The title is a little misleading, as part of Isabel Hardman's argument is that the popular perception (if she sets it up accurately) that the United Kingdom has the wrong politicians is mistaken, and that to some extent politicians are trapped in a system which too many people have vested interests in not changing. The bias towards people able and willing to fund their own campaigns - both to become a candidate, and then to be elected to parliament - and against women - with conservatism over women's roles rife in all parties. The book is rich in anecdotes about selection, election, bill committees, select committees, and the combined results of the efforts of the whips and the sheer weight of government business to ensure that bad bills reach the statute book. Few pages - indeed, only a few lines - are devoted to comparisons with other legislatures, and only a little more space is devoted to reform. Ideas include reviving bill committees after the passage of a bill so that members can hear evidence on how a bill works in practice, but it's difficult to see how this would provide a constructive method to improve on legislation. More concrete suggestions include salaries for parliamentary candidates, and salaries for members of select committees, as well as dedicated staff.

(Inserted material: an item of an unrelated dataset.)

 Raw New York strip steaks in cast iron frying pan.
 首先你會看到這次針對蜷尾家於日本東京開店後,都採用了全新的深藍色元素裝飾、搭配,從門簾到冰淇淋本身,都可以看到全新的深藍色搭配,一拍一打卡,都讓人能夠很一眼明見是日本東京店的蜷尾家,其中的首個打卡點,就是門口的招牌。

This isn't an apologia, even though Hardman did fall in love with one of her MP case studies which I'm sure isn't recommended practice. There is a lot of reporting of situations in recent years where MPs off and on the front benches should have done much better, being distracted by the legality of a proceeding - such as the invasions of Iraq and Libya - over the practicalities and details of the post-invasion plans, or in the case of Andrew Lansley's Health and Social Care Bill allowing it to career into the Commons without either of the Coalition government party leaders understanding what was planned. However, while entertaining it leaves one more frustrated with the state of affairs than confident about solutions.